**Problem details:** Give the lines again exactly as they appear below, from the line with "З.Ы. Кто знает, какого" to the line with "Žlutý box puf", both included, and only those lines. Leave every picture out.

**Input for this task:**
···

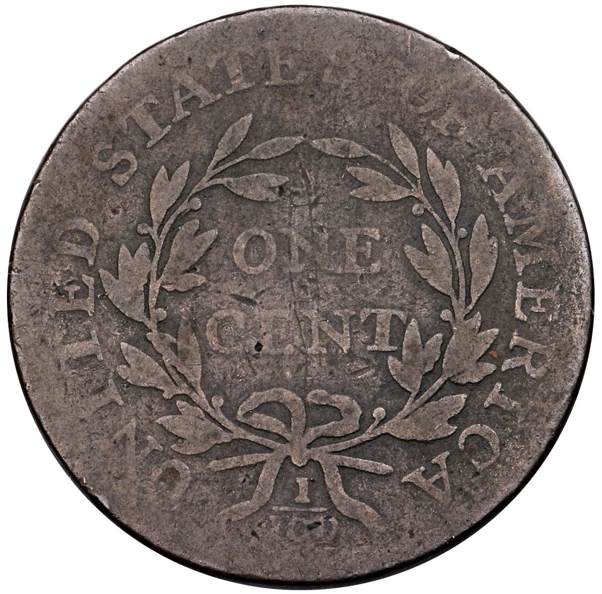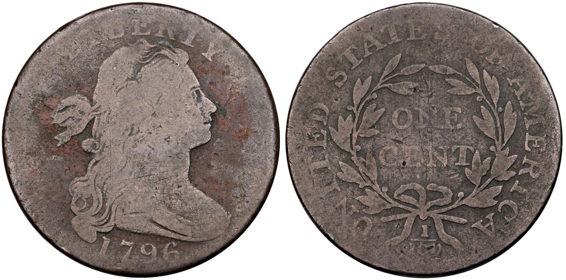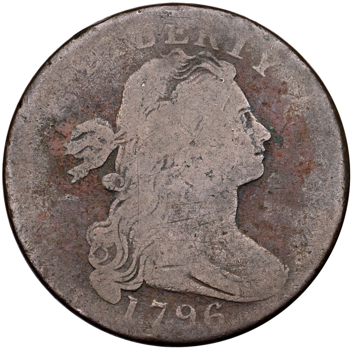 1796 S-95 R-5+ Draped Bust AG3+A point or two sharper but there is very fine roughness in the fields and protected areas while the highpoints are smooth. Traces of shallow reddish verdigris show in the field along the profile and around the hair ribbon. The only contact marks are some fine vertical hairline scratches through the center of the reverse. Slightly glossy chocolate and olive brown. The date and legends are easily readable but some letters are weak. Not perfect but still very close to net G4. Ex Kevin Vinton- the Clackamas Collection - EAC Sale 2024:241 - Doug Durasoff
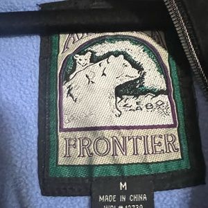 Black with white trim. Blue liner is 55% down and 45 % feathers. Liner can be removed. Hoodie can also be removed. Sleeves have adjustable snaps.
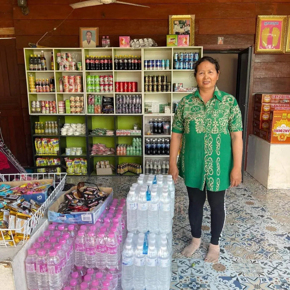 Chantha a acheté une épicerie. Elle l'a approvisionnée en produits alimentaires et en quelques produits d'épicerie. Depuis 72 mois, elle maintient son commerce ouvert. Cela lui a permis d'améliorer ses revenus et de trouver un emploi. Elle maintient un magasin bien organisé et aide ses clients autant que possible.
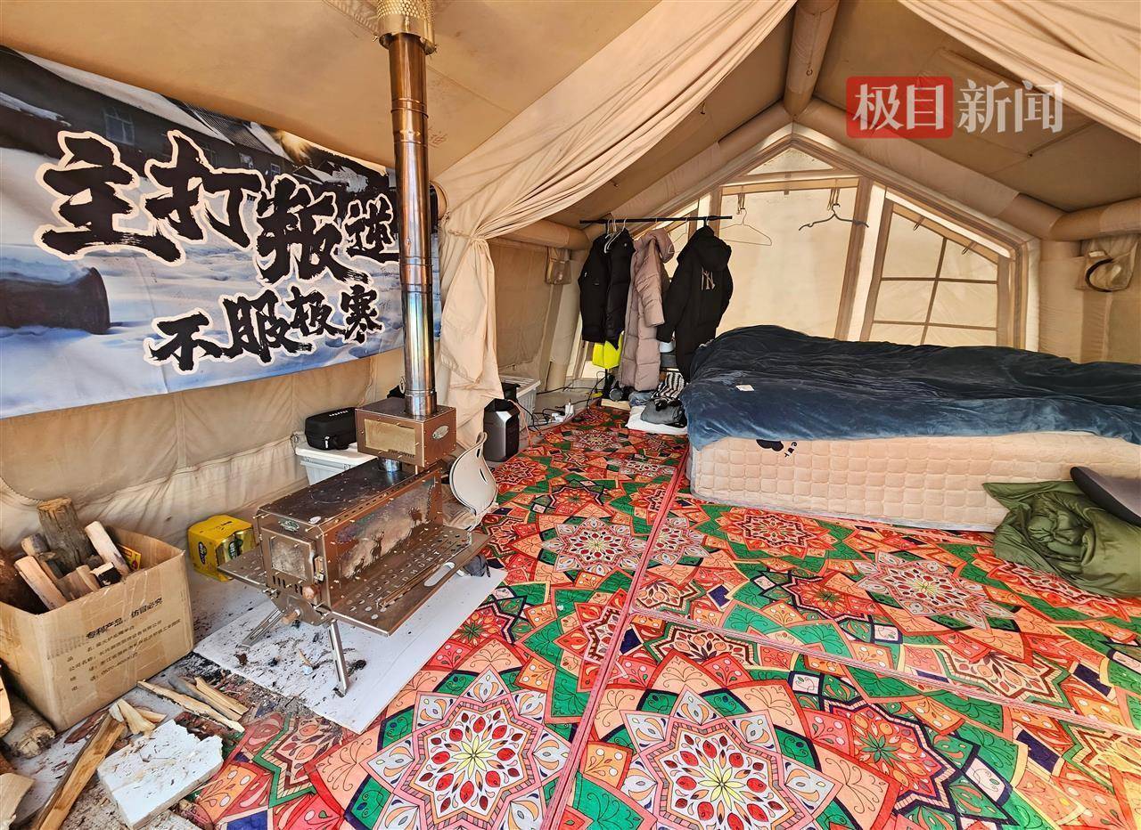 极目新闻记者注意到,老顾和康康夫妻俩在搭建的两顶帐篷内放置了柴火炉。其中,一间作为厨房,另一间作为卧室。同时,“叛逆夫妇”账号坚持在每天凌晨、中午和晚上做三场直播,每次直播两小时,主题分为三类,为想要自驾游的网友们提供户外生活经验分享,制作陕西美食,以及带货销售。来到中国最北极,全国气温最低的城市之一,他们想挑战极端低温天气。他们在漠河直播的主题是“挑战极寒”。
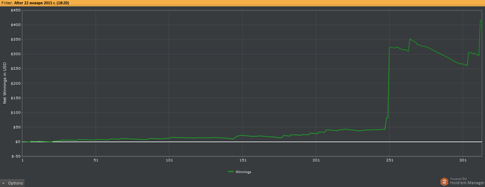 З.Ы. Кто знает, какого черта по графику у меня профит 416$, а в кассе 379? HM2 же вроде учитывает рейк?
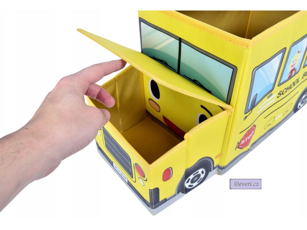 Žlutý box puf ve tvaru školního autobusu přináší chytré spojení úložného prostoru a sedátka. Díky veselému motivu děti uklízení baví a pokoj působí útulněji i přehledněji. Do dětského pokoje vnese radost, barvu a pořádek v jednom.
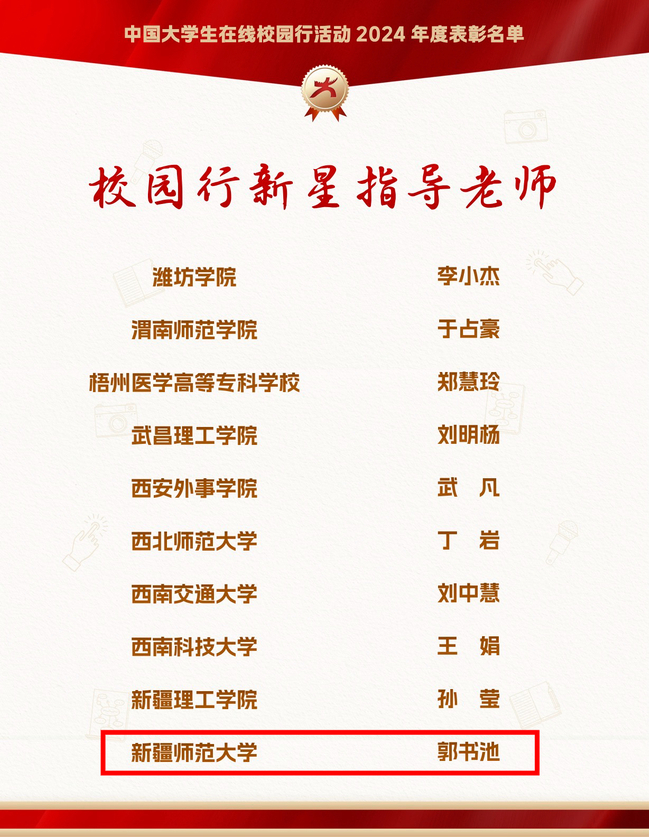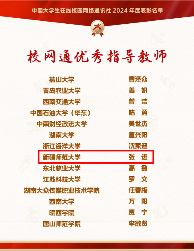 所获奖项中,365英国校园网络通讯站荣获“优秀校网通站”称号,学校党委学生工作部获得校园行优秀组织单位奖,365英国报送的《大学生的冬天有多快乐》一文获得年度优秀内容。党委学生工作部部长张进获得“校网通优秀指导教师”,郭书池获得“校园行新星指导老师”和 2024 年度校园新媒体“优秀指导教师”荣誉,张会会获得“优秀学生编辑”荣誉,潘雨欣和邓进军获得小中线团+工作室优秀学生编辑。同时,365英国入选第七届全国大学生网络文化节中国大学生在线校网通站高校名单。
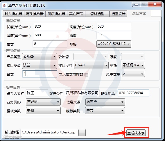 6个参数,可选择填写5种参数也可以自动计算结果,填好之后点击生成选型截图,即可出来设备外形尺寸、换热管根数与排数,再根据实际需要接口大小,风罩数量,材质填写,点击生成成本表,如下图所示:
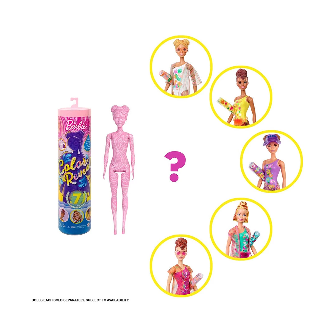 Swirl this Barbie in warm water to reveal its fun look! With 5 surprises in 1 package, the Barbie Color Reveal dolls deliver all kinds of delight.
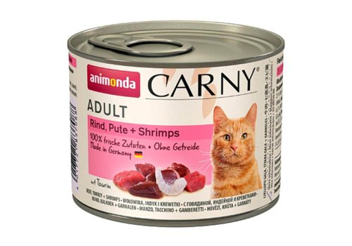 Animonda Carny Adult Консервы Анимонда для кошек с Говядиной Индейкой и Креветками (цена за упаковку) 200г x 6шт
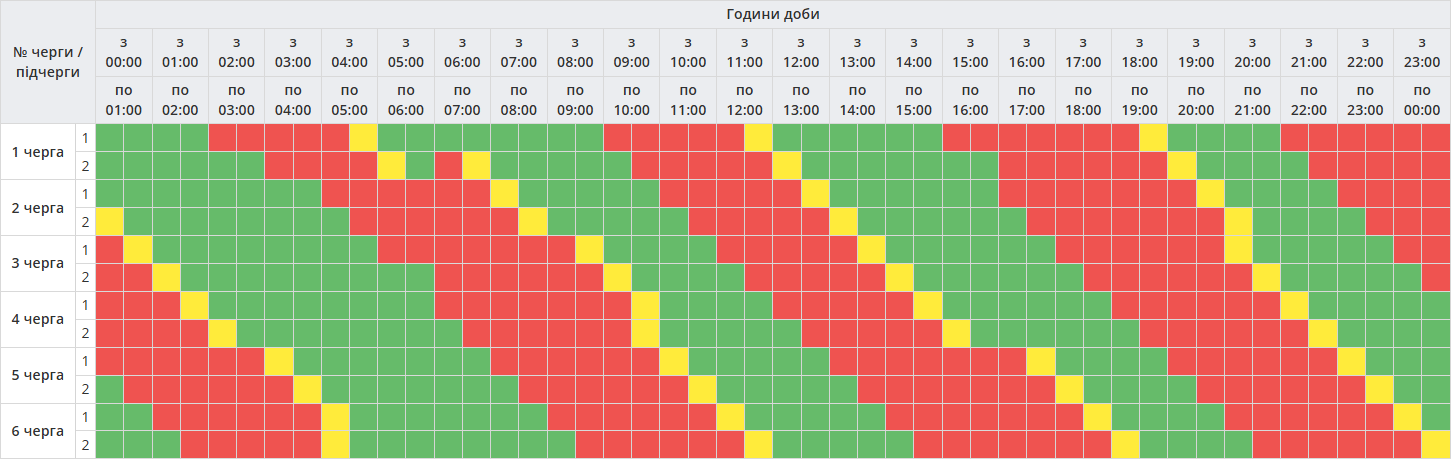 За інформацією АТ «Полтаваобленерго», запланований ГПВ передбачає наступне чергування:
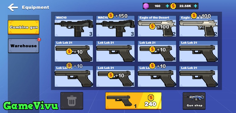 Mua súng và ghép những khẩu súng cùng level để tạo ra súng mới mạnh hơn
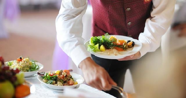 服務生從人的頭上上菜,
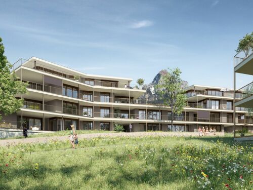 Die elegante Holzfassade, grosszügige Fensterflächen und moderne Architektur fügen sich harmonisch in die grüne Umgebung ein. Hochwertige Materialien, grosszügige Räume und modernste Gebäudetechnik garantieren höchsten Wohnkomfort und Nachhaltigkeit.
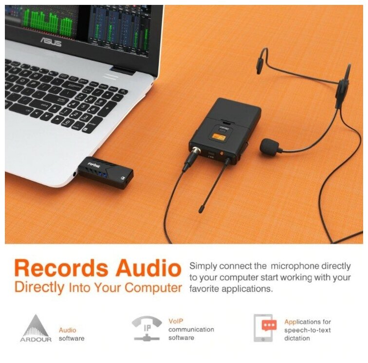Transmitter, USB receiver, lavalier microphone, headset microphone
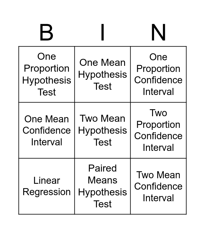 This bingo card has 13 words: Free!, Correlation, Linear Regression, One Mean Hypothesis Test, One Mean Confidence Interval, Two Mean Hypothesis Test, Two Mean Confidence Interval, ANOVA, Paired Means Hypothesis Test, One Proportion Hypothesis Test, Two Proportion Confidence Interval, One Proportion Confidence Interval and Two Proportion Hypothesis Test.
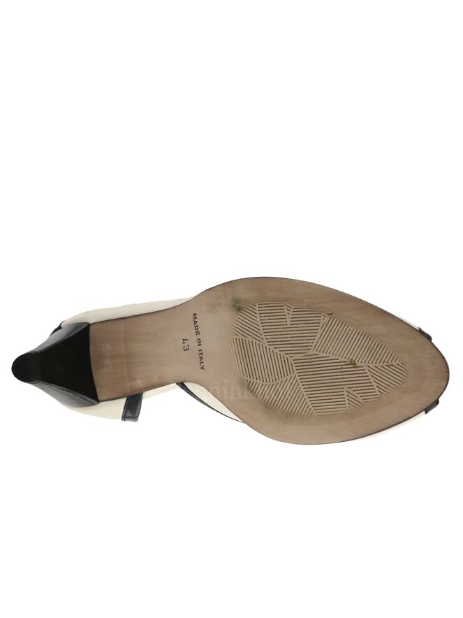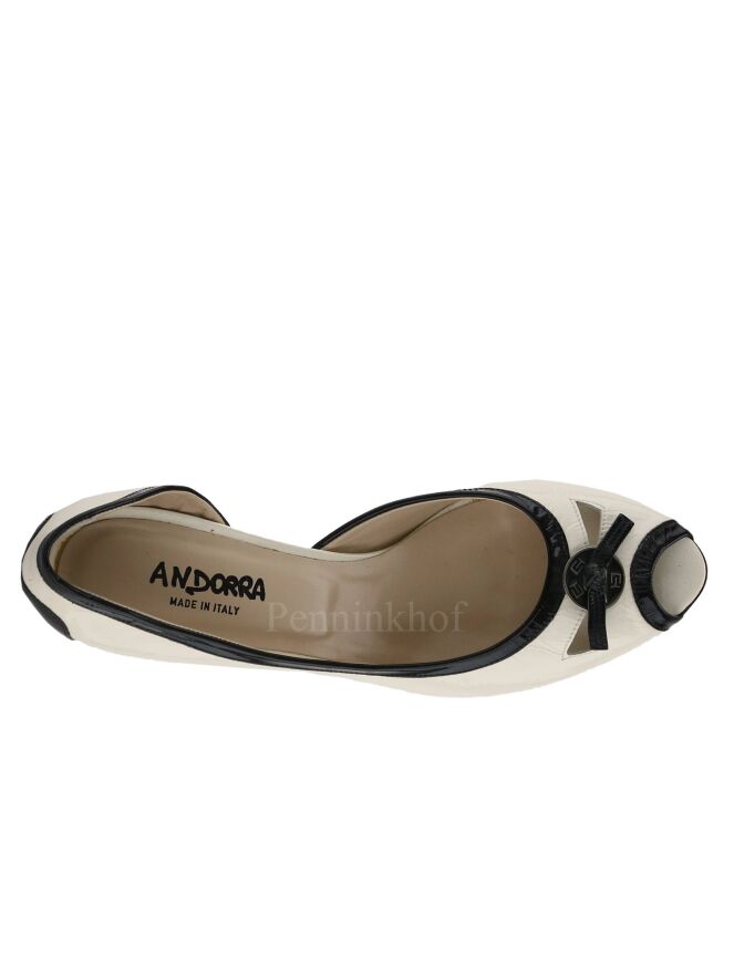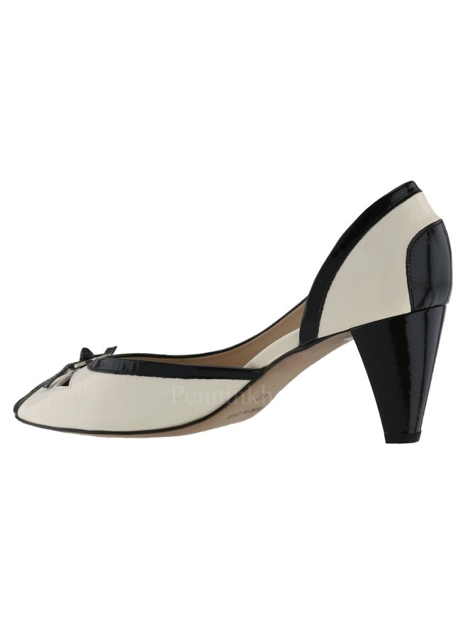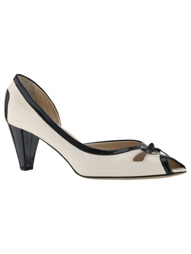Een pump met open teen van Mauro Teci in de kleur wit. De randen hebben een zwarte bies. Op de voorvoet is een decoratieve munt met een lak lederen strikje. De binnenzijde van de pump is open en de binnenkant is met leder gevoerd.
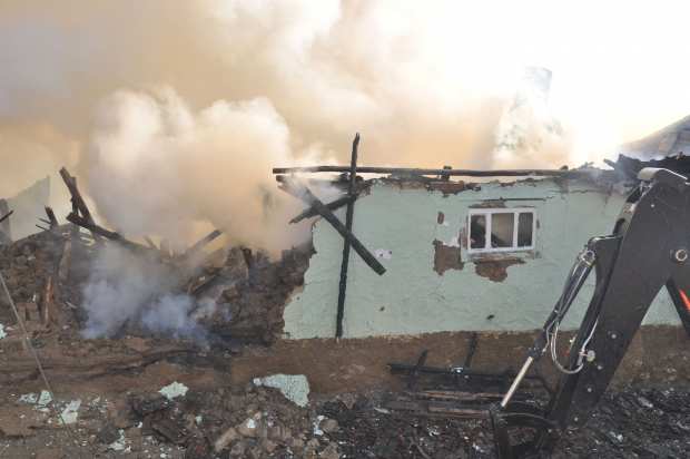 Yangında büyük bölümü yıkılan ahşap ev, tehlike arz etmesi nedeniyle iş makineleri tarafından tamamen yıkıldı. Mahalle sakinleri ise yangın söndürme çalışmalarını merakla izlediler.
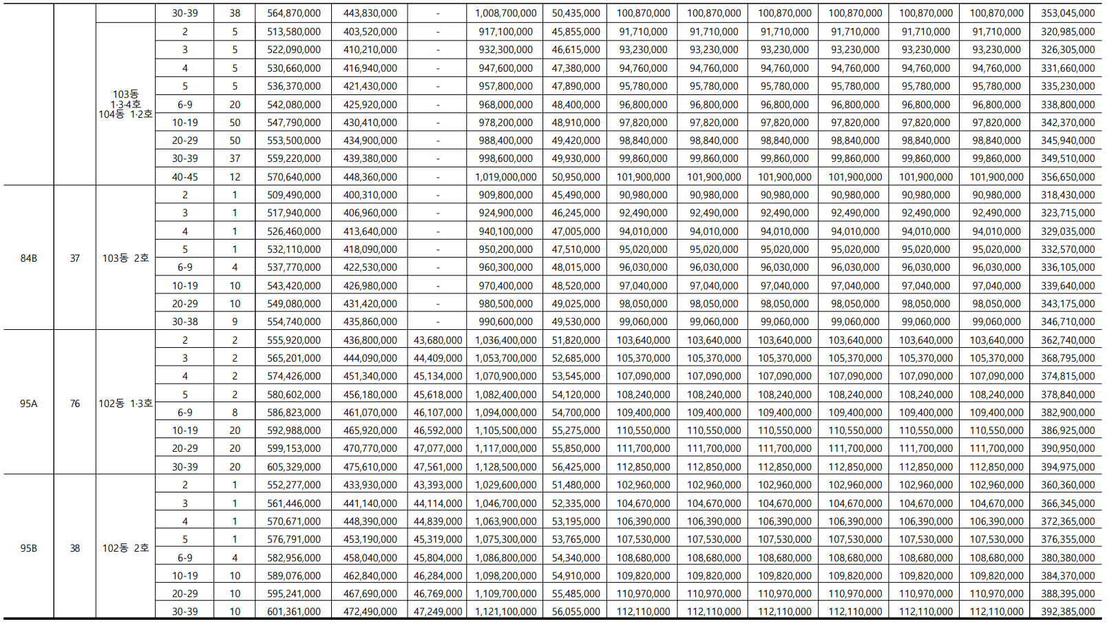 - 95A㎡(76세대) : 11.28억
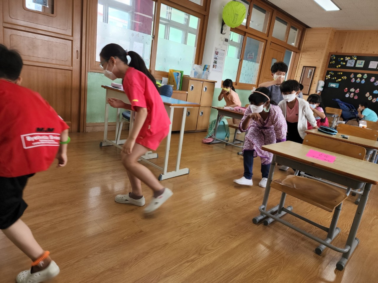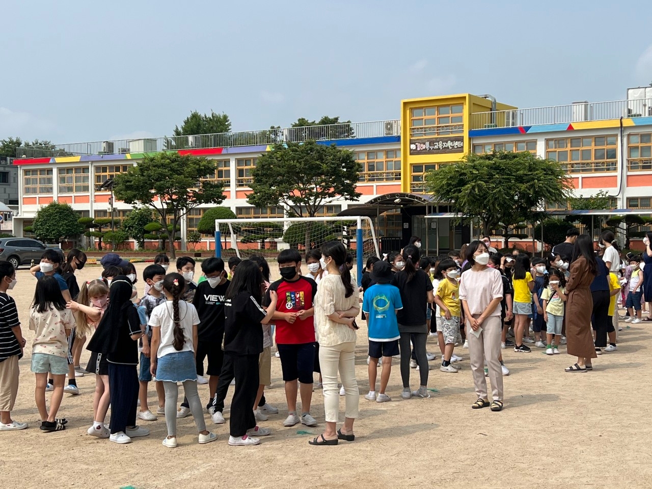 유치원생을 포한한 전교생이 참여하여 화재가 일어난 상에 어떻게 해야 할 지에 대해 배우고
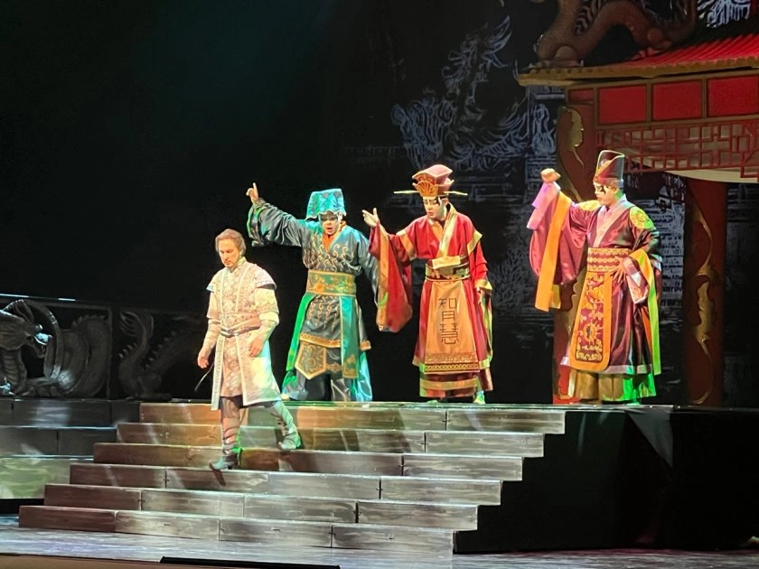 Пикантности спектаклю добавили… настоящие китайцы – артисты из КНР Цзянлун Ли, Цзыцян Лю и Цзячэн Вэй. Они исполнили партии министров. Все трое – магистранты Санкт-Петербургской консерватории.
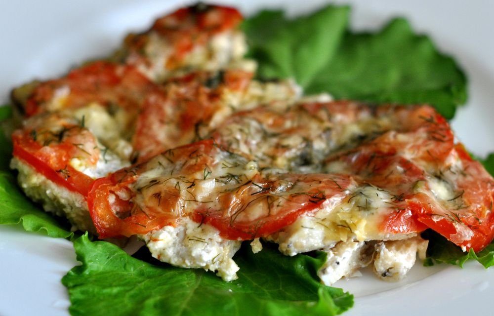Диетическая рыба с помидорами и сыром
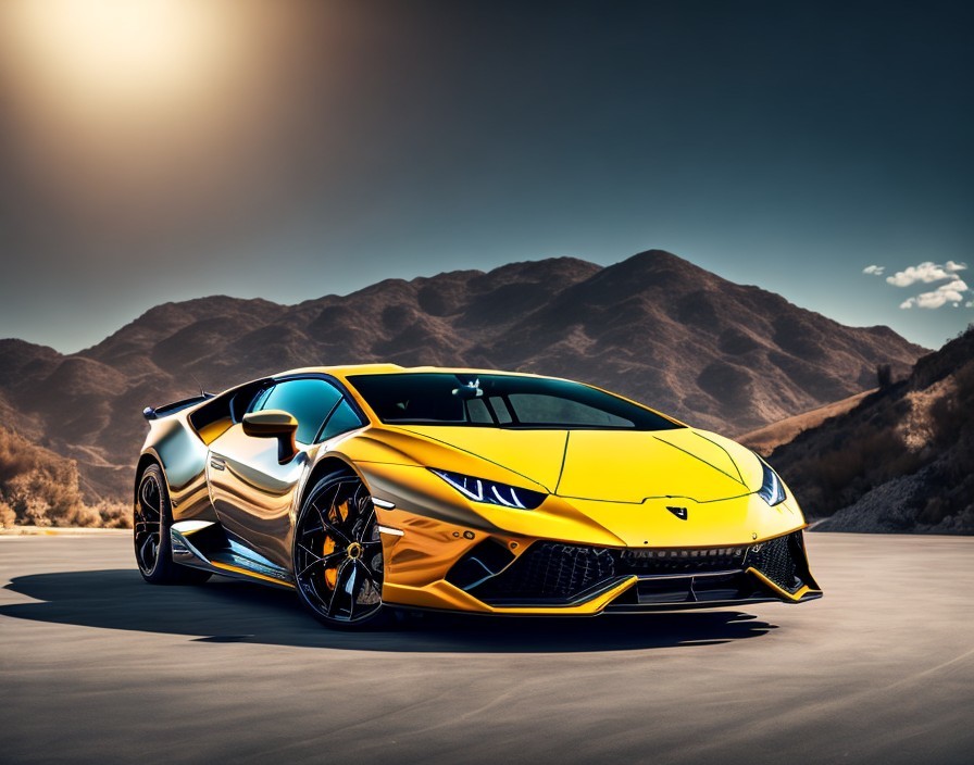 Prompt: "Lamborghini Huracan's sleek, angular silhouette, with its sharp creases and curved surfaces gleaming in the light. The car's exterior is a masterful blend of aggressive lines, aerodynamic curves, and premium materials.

···

**Answer to the problem:**
 З.Ы. Кто знает, какого черта по графику у меня профит 416$, а в кассе 379? HM2 же вроде учитывает рейк?
 Žlutý box puf ve tvaru školního autobusu přináší chytré spojení úložného prostoru a sedátka. Díky veselému motivu děti uklízení baví a pokoj působí útulněji i přehledněji. Do dětského pokoje vnese radost, barvu a pořádek v jednom.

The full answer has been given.